Pike cursed as he scrambled off of Tulsi, hitching up his jeans as he reached for her discarded clothes. Pulse racing, Tulsi splashed away the stickiness on her stomach, wiggled into her underpants, and had just finished buttoning her jeans and tugging her tank top back into place when Mia appeared at the top of the bank.

“There you two are.” Mia frowned as her eyes flicked from Pike, who had just finished rescuing his hat from where it had floated downstream, to Tulsi and back again. “Didn’t you hear me calling?”

“Guess not,” Pike said innocently. “Sound doesn’t carry too well around here. What’s up?”

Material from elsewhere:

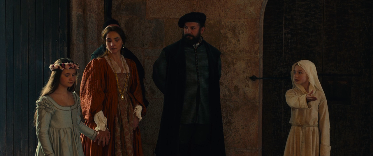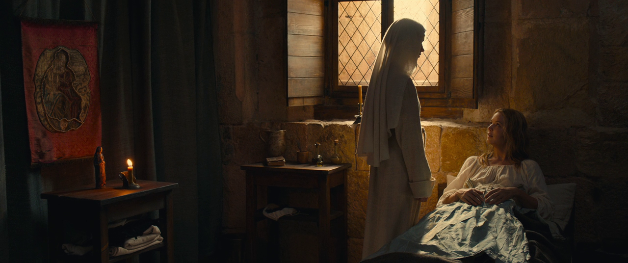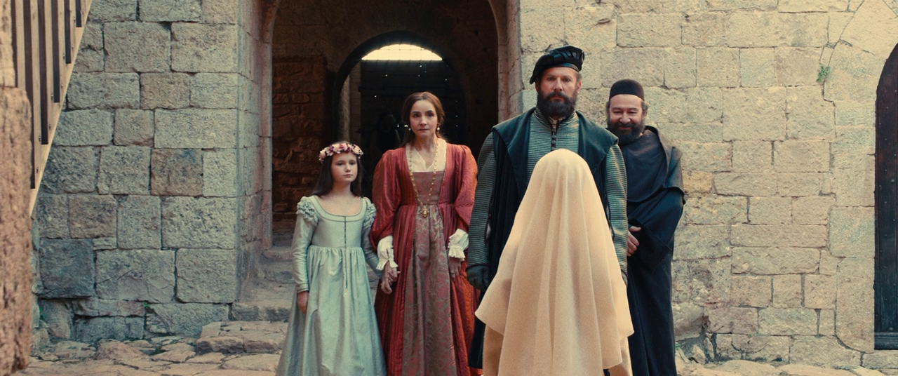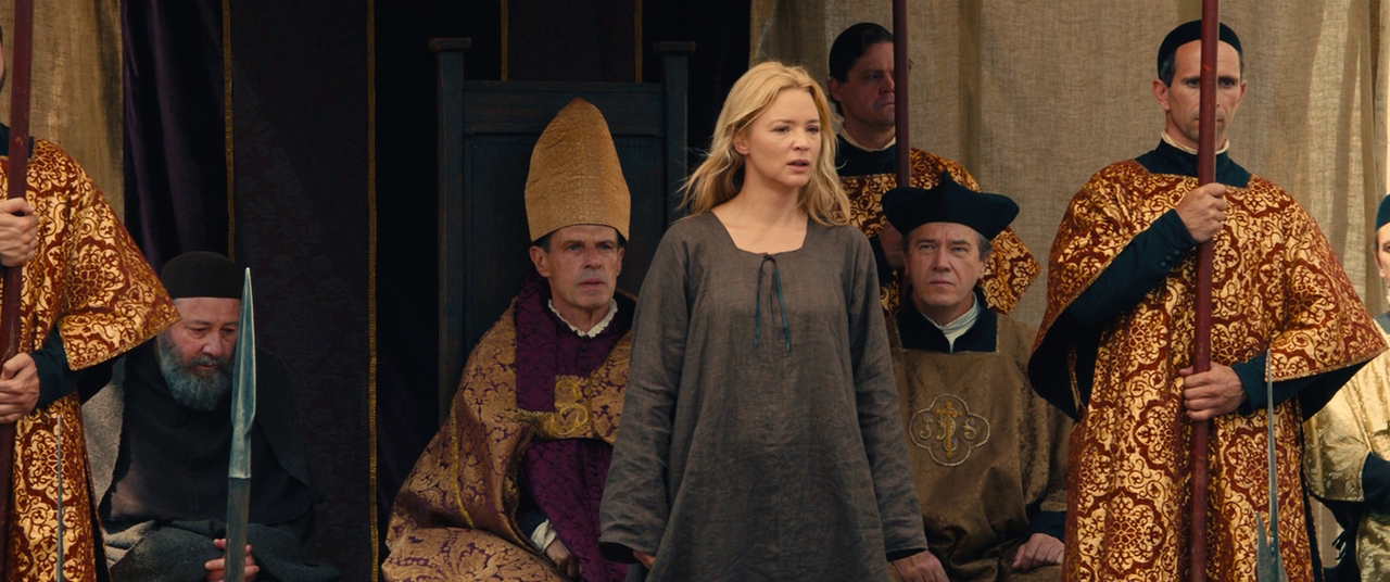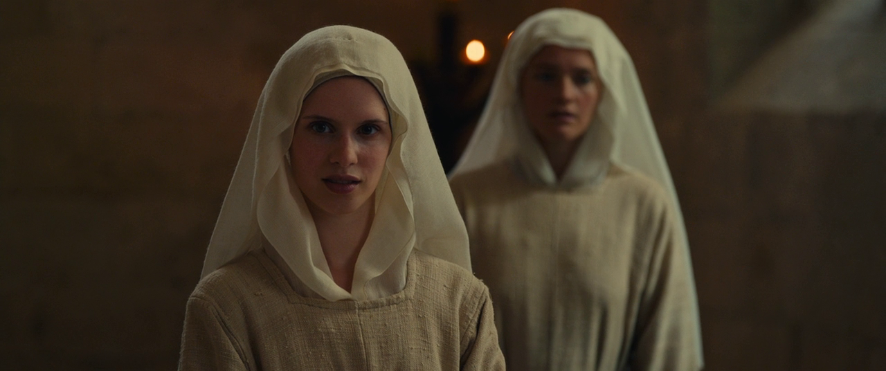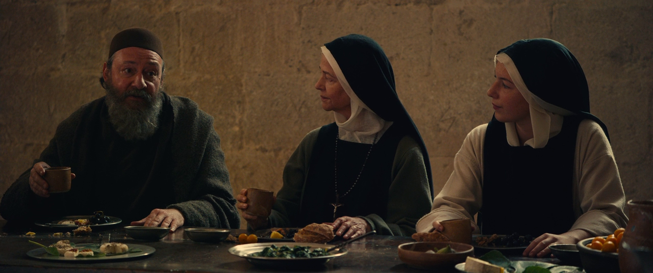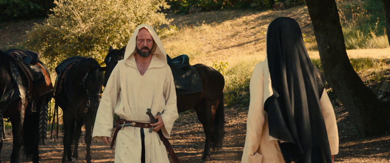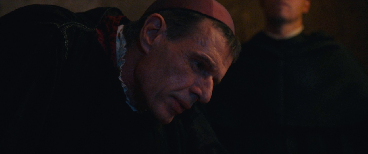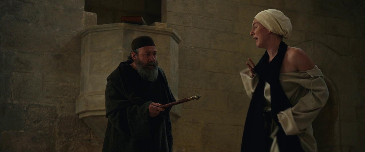 Именно так я себе представлял инквизитора Бернарда Ги в романе "Имя розы". У меня было чувство, что этот инквизитор в фильме словно сошел со страниц романа Умберто Эко. Колючие, проницательные глаза, определенная манера разговаривать и держаться. В фильме он выступает, как условный антагонист, но каким-то особым злодеем его назвать тяжело, по крайней мере мне. Он принимает крайне взвешенные решение, сначала хорошо во всем разбирается, прежде чем выносить приговор. В женском монастыре он наводит самый настоящий кипиш, проводит там расследование, чтобы выяснить кто на кого наговаривает клевету, а кто действительно совершает преступление против церкви и бога. Хладнокровный, неподкупный. хорошо разбирающийся в людях. При этом сам он совершенно искренне верит в бога, это не какой-то там циничный карьерист. При этом, он вызывает реальное чувство страха и отвращения.

“I was worried,” Mia said, her brows still drawn together. “Everyone else is already back, but you two were missing. I thought maybe your knee was giving you trouble.”

“No, I’m good,” he said, glancing Tulsi’s way. “Tulsi and I were just catching up.”

“Pike was telling me I should quit breaking horses for Daddy.” Tulsi sat down on the rocks and began pulling on her socks and boots, past ready to make her getaway.

“He’s right.” Mia came to stand beside her, sending dirt skittering down the steep bank as she moved. “I’ve been saying that for months. Don’t suppose he got through to you, did he?”

Tulsi shook her head, keeping her eyes on her feet as she tugged on her boots. “Nope. I told him it was none of his business, thank you very much. My life is my life.”

“You’re getting sassy in your old age,” Mia said with a laugh. “Isn’t she, Pike?”

“She was always sassy,” Pike said, his tone far too intimate for Tulsi’s liking. The last thing she needed was for Mia to start suspecting that she and Pike had a history. She’d kept her affair with Mia’s brother a secret for years and she intended to go right on keeping it. Nothing good could come from her best friend learning the truth.

“Only with family.” Tulsi came to her feet and forced a smile. “It’s easy to tell your big brother to mind his own business.” She looped her arm through Mia’s. “I’m sorry, but I went wading instead of scavenger hunting. I hope you’re not mad.”